● WHAT IS BEING ASKED
From the records below, print only the part that opens with the line containing "Venmohave a pair" and closes with the line containing "여아 데님 팬츠 여름"; omit the pictures.

● INFORMATION PROVIDED
- Opening Delimiter -

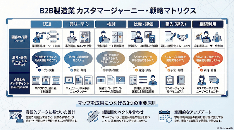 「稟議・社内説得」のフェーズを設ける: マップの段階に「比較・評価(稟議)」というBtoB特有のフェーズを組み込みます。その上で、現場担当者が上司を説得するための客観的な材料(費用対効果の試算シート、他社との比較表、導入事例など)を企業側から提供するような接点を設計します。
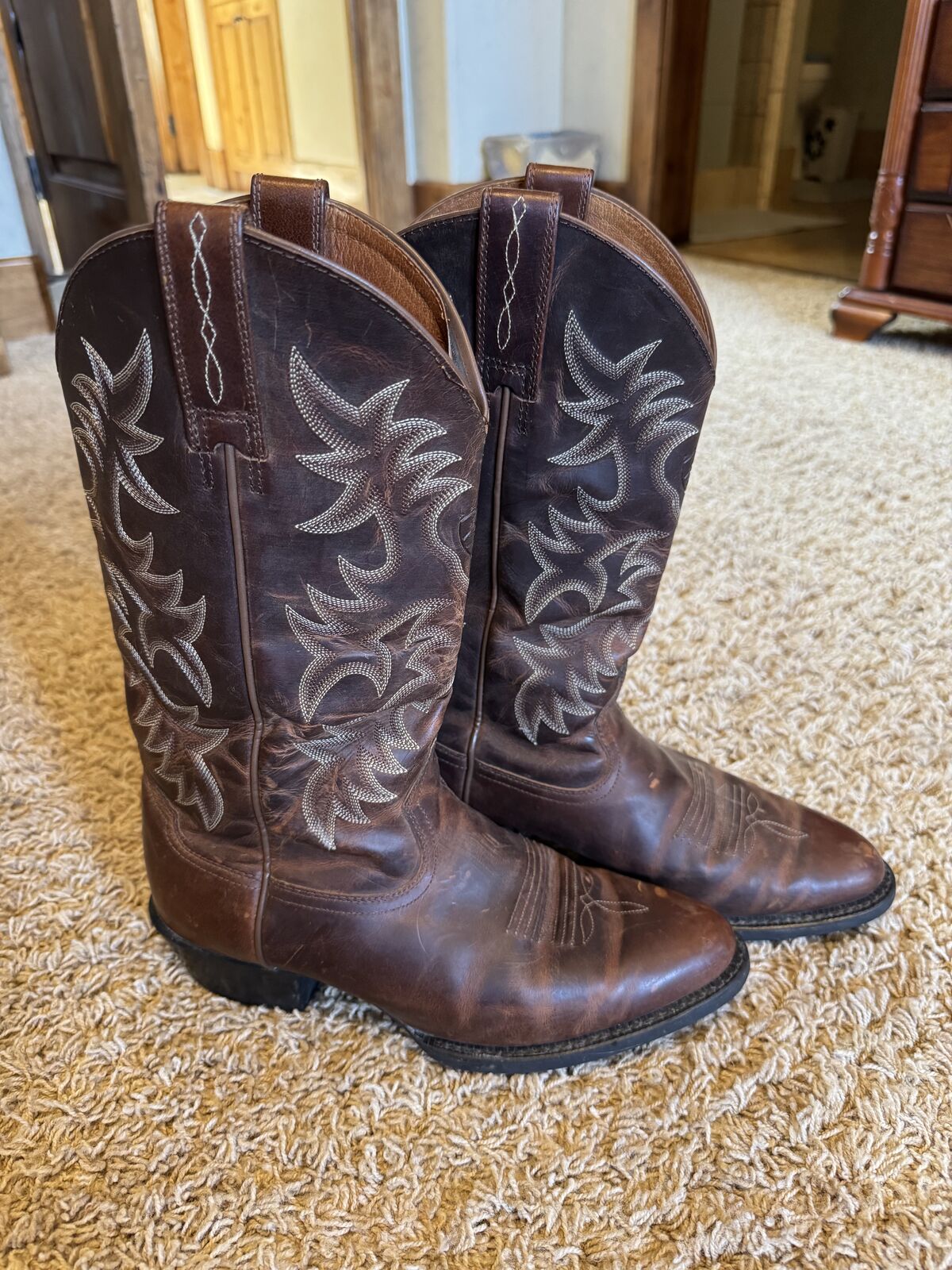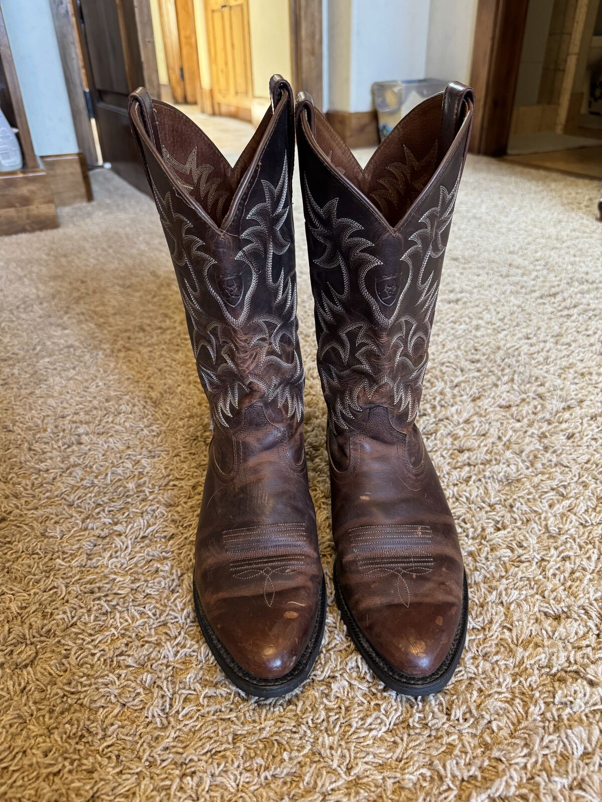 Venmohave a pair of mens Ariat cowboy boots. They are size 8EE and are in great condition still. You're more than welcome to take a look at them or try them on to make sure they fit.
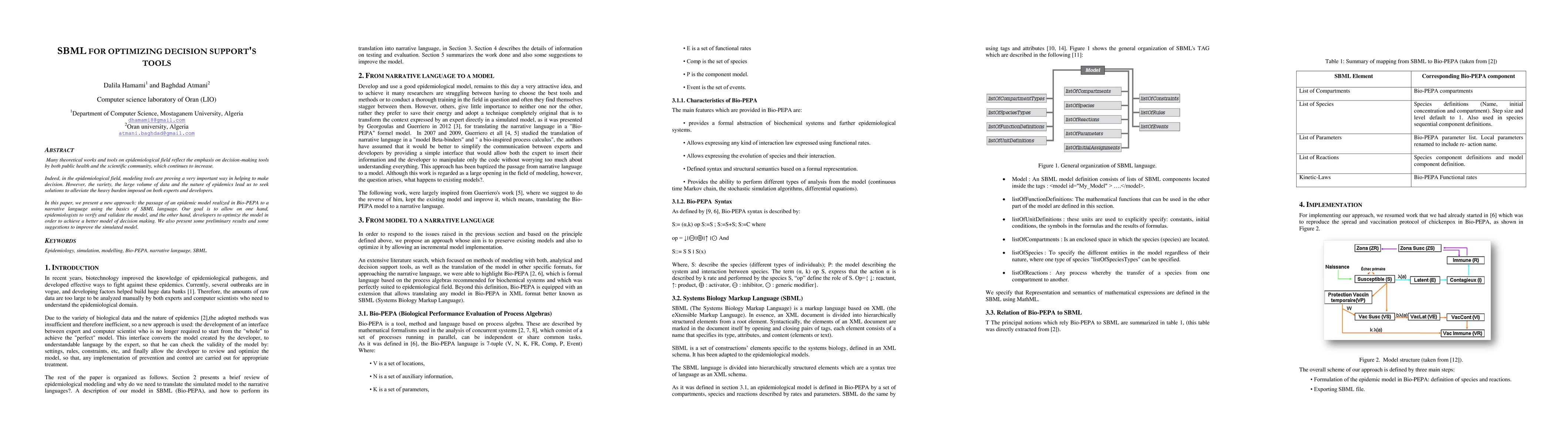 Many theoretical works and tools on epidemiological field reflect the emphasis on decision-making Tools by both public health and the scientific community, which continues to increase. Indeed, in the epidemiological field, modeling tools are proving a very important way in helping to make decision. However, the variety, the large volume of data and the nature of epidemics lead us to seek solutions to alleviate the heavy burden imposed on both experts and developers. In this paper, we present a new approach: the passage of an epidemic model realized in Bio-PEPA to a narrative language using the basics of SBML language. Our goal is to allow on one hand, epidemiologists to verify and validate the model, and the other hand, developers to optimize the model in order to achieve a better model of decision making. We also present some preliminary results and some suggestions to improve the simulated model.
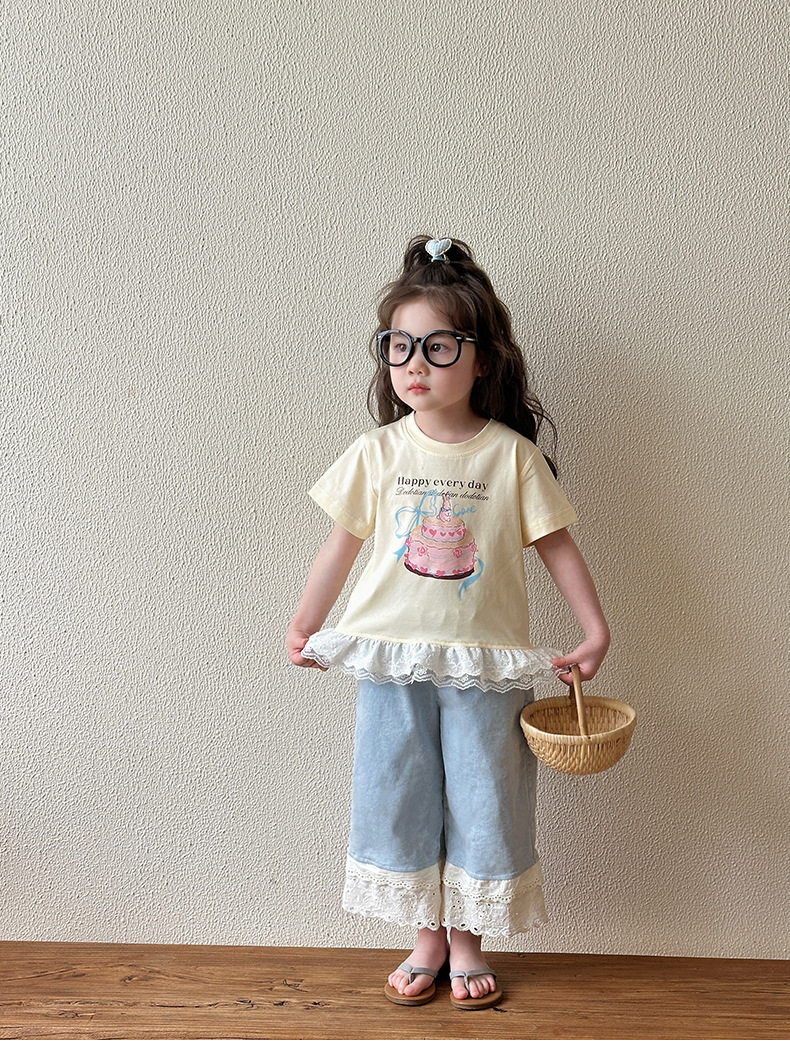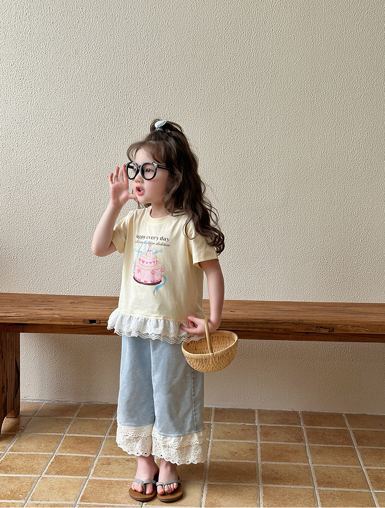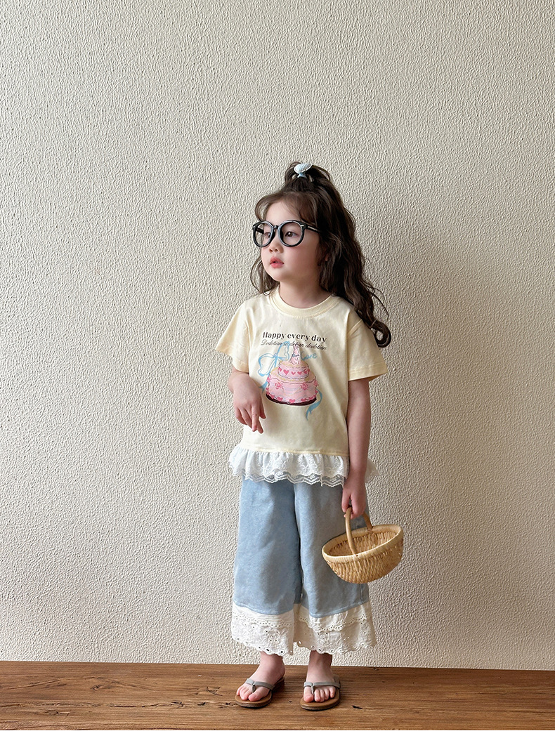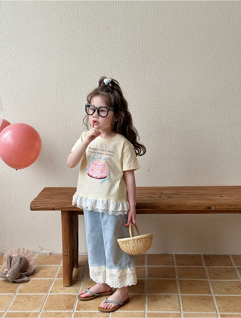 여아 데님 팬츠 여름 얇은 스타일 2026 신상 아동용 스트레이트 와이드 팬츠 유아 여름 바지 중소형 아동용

- Closing Delimiter -
- Opening Delimiter -

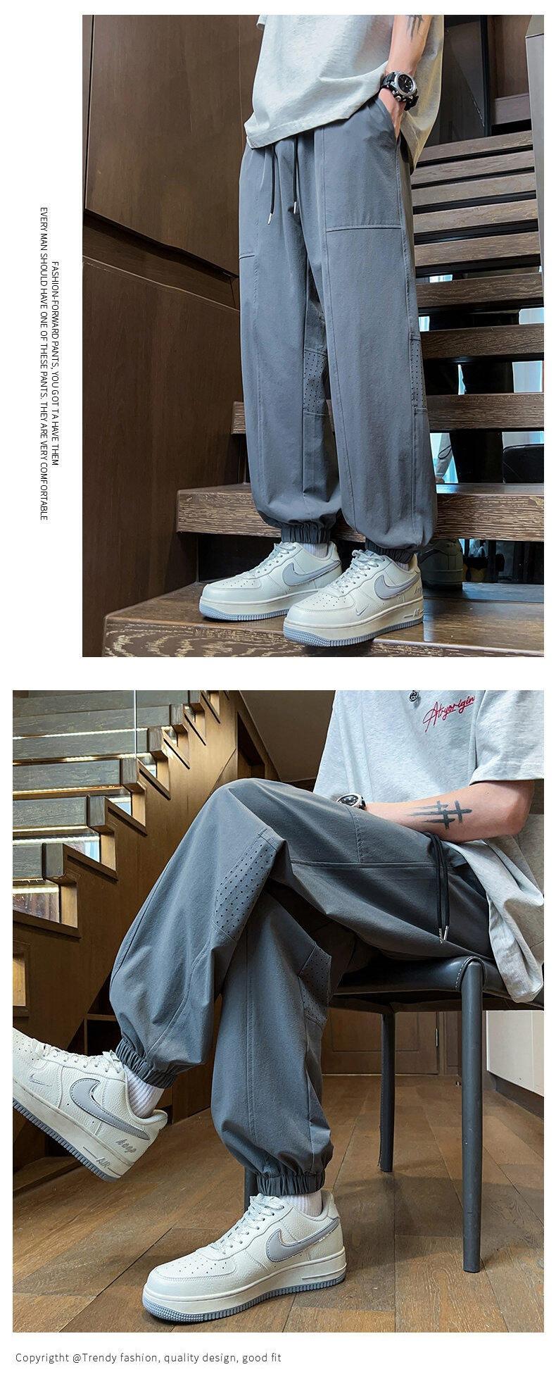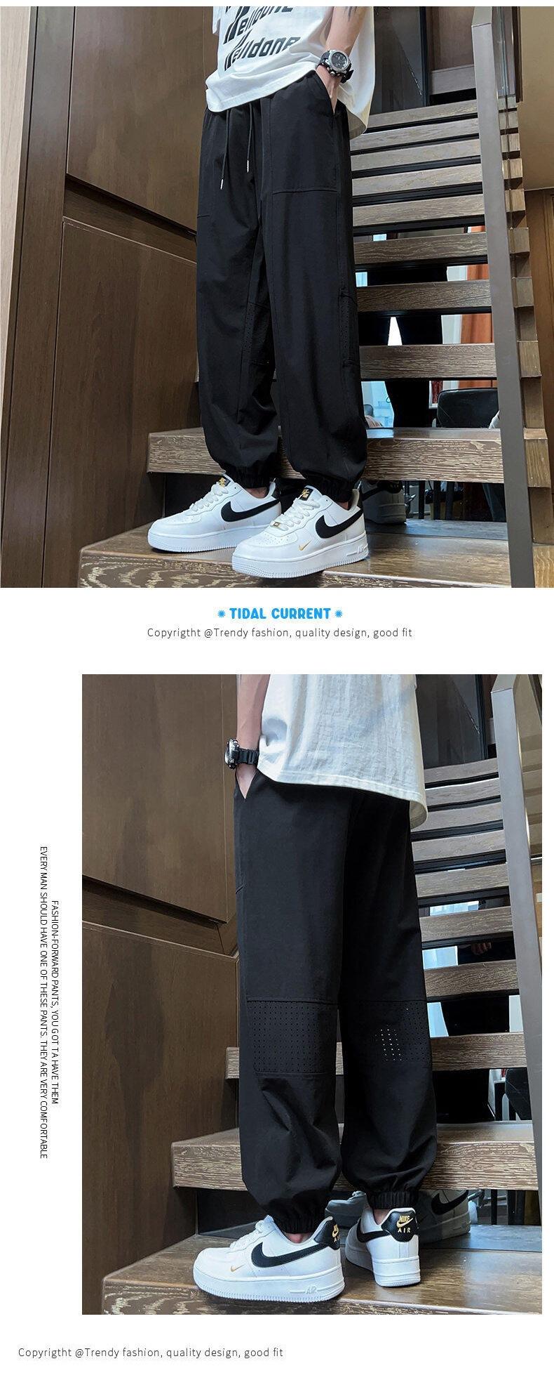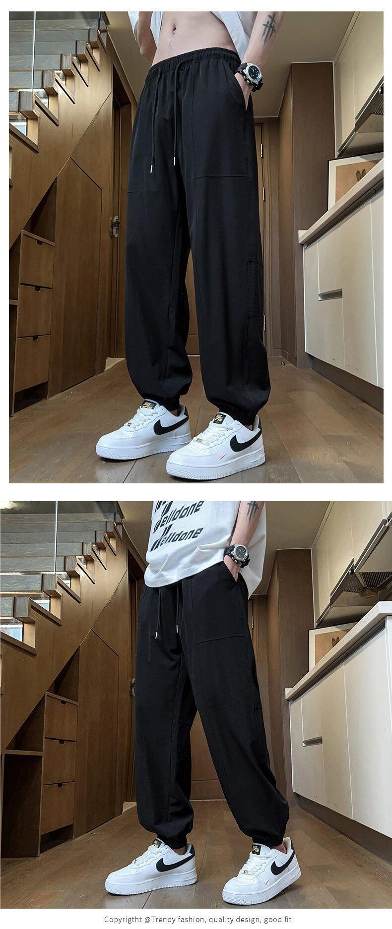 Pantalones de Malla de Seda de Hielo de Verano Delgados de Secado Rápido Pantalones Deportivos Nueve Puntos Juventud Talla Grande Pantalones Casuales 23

- Closing Delimiter -

● RESPONSE AREA
 Venmohave a pair of mens Ariat cowboy boots. They are size 8EE and are in great condition still. You're more than welcome to take a look at them or try them on to make sure they fit.
 Many theoretical works and tools on epidemiological field reflect the emphasis on decision-making Tools by both public health and the scientific community, which continues to increase. Indeed, in the epidemiological field, modeling tools are proving a very important way in helping to make decision. However, the variety, the large volume of data and the nature of epidemics lead us to seek solutions to alleviate the heavy burden imposed on both experts and developers. In this paper, we present a new approach: the passage of an epidemic model realized in Bio-PEPA to a narrative language using the basics of SBML language. Our goal is to allow on one hand, epidemiologists to verify and validate the model, and the other hand, developers to optimize the model in order to achieve a better model of decision making. We also present some preliminary results and some suggestions to improve the simulated model.
 여아 데님 팬츠 여름 얇은 스타일 2026 신상 아동용 스트레이트 와이드 팬츠 유아 여름 바지 중소형 아동용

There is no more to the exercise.